Federal and state law strongly
favors arbitration, and a presumption exists in favor of arbitration
agreements. 9 U.S.C. §2 (2000); AutoNation USA Corp. v. Leroy, 105
S.W.3d 190, 195 (Tex. App. 2003). Courts are to resolve any doubts
concerning an arbitration agreement in favor of arbitration. AutoNation
USA Corp., 105 S.W.3d at 195. A party cannot be required to arbitrate
unless the party has agreed to do so, and the parties' arbitration agreement
must be clear. Mohamed v. Auto Nation USA Corp., 89 S.W.3d 830, 835
(Tex. App. 2002). If a valid arbitration agreement exists and the claims
raised are within the scope of the agreement, a trial court has no
discretion but to compel arbitration. AutoNation USA Corp., 105
S.W.3d at 195.
The party seeking to compel
arbitration has the burden of proving that an arbitration agreement exists
and that the claims raised are within the agreement's scope. Cantella &
Co. v. Goodwin, 924 S.W.2d 943, 944 (Tex. 1996). If an arbitration
agreement is valid, the party opposing the agreement has the burden of
defeating it. Cantella & Co., 924 S.W.2d at 944.
In the present case, the court
found that the defendant's online terms and conditions had not been
"adequately communicated" to the plaintiffs because the defendant did not
provide a display text on the Web site that manifested a clear assent to the
terms and conditions before the order could proceed, because the terms and
conditions were not displayed on a Web page that the plaintiffs had
completed in placing their orders, and because there was no language on the
Web pages placing the plaintiffs on notice that they were performing an
affirmative act that would bind them to submit their claims to arbitration.
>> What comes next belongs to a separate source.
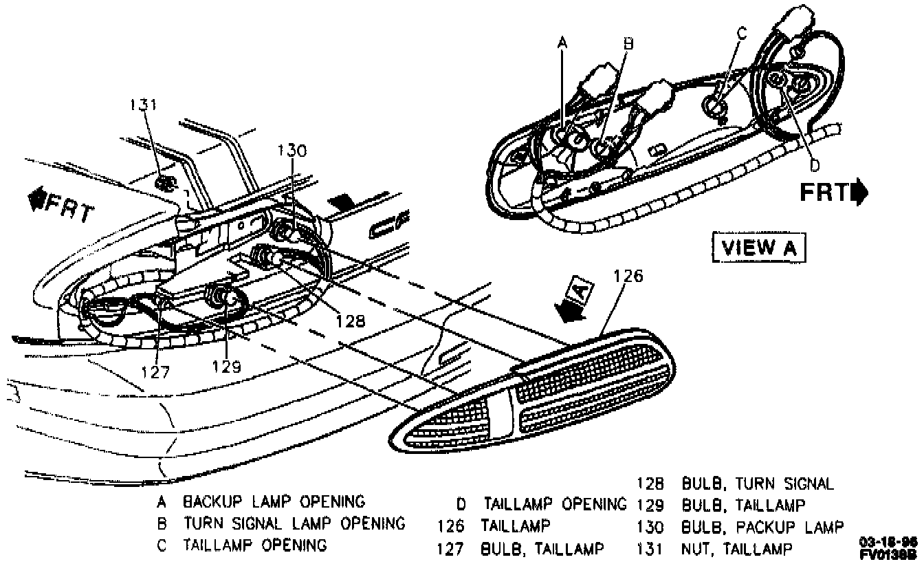 1. Taillamp, turn signal and backup lamp bulbs 127, 128. 129 and 130) to sockets.
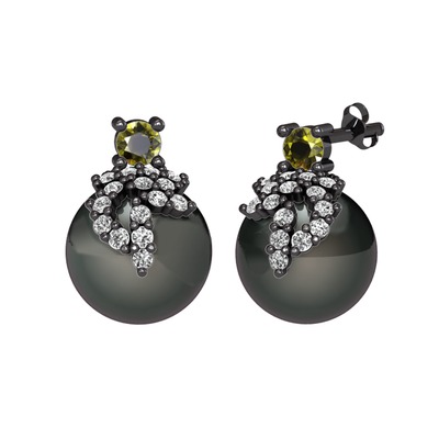 Peridot, swarovski ve siyah inci 925 ayar siyah rodyum kaplama gümüş küpe

The court held that the defendant's "Terms and Conditions of Sale," and,
therefore, the arbitration clause, were not a part of the online sales
contract.
We find that the online
contract included the "Terms and Conditions of Sale." The blue hyperlink
entitled "Terms and Conditions of Sale" appeared on numerous Web pages the
plaintiffs completed in the ordering process. The blue hyperlinks for the
"Terms and Conditions of Sale" also appeared on the defendant's marketing
Web pages, copies of which the plaintiffs attached to their complaint. The
blue hyperlinks on the defendant's Web pages, constituting the five-step
process for ordering the computers, should be treated the same as a
multipage written paper contract. The blue hyperlink simply takes a person
to another page of the contract, similar to turning the page of a written
paper contract. Although there is no conspicuousness requirement, the
hyperlink's contrasting blue type makes it conspicuous. Common sense
dictates that because the plaintiffs were purchasing computers online, they
were not novices when using computers. A person using a computer quickly
learns that more information is available by clicking on a blue hyperlink.
Additionally, on three of the
defendant's Web pages that the plaintiffs completed to make their purchases,
the following statement appeared: "All sales are subject to Dell's Term[s]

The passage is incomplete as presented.